Listed entries Start Marker

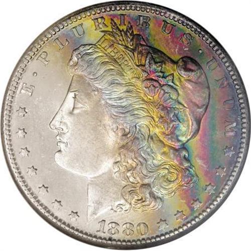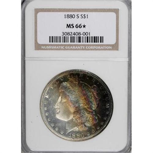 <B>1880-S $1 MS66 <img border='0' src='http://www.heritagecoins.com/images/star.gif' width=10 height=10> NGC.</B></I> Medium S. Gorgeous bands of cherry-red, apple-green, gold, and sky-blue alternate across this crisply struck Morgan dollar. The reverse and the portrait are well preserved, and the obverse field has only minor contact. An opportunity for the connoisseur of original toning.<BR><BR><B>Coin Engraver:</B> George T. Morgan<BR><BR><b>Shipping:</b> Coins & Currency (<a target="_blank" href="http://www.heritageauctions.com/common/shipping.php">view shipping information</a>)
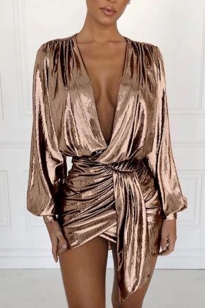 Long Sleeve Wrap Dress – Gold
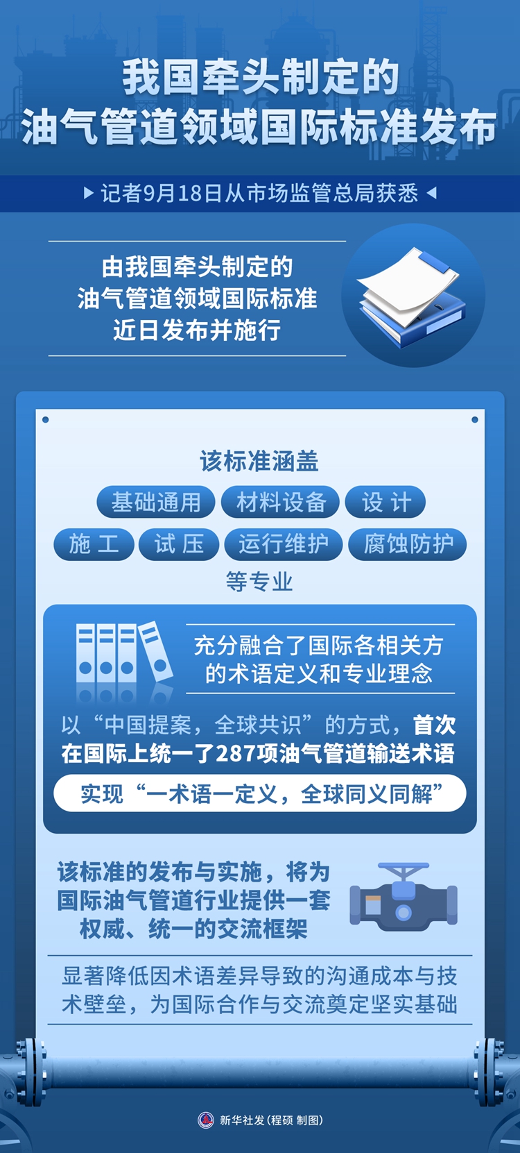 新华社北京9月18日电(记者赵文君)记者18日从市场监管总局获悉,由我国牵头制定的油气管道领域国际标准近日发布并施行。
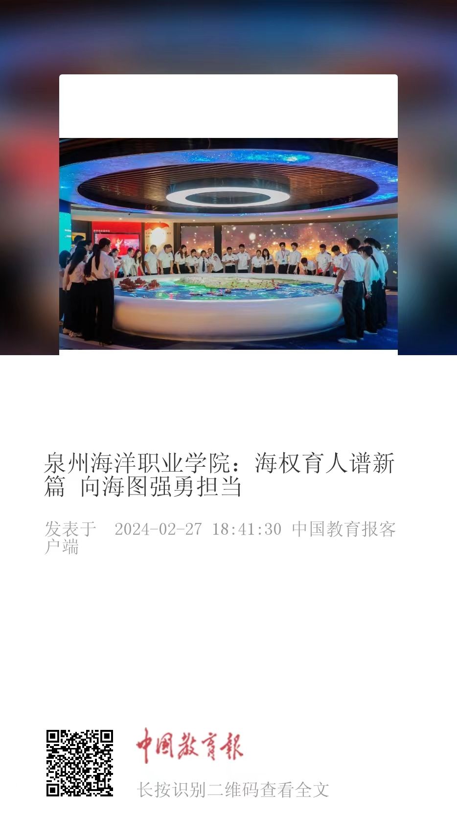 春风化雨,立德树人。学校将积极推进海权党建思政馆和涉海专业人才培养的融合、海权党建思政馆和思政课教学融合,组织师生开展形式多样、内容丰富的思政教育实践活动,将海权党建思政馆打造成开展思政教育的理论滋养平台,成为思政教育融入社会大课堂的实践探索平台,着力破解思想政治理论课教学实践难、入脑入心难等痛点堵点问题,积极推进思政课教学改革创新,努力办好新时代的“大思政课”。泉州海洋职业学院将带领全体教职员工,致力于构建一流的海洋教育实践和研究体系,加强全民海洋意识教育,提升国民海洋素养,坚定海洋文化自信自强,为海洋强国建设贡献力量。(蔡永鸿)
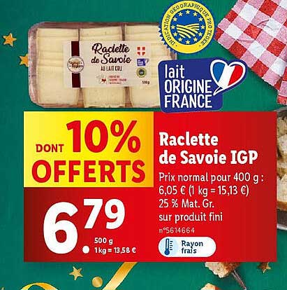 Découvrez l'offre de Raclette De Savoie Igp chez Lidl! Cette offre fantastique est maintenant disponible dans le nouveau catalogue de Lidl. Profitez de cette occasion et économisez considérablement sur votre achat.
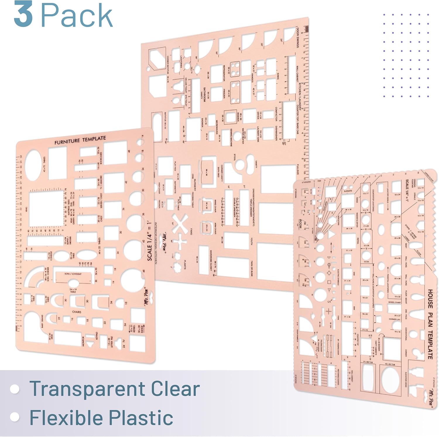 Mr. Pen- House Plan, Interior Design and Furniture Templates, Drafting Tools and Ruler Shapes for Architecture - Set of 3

Listed entries End Marker

__What the task requires__: Only the lines from the one with "新华社北京9月18日电(记者" through the final line of the entries above are to be repeated, exactly as written and without pictures.

__Reply to the exercise__:
 新华社北京9月18日电(记者赵文君)记者18日从市场监管总局获悉,由我国牵头制定的油气管道领域国际标准近日发布并施行。
 春风化雨,立德树人。学校将积极推进海权党建思政馆和涉海专业人才培养的融合、海权党建思政馆和思政课教学融合,组织师生开展形式多样、内容丰富的思政教育实践活动,将海权党建思政馆打造成开展思政教育的理论滋养平台,成为思政教育融入社会大课堂的实践探索平台,着力破解思想政治理论课教学实践难、入脑入心难等痛点堵点问题,积极推进思政课教学改革创新,努力办好新时代的“大思政课”。泉州海洋职业学院将带领全体教职员工,致力于构建一流的海洋教育实践和研究体系,加强全民海洋意识教育,提升国民海洋素养,坚定海洋文化自信自强,为海洋强国建设贡献力量。(蔡永鸿)
 Découvrez l'offre de Raclette De Savoie Igp chez Lidl! Cette offre fantastique est maintenant disponible dans le nouveau catalogue de Lidl. Profitez de cette occasion et économisez considérablement sur votre achat.
 Mr. Pen- House Plan, Interior Design and Furniture Templates, Drafting Tools and Ruler Shapes for Architecture - Set of 3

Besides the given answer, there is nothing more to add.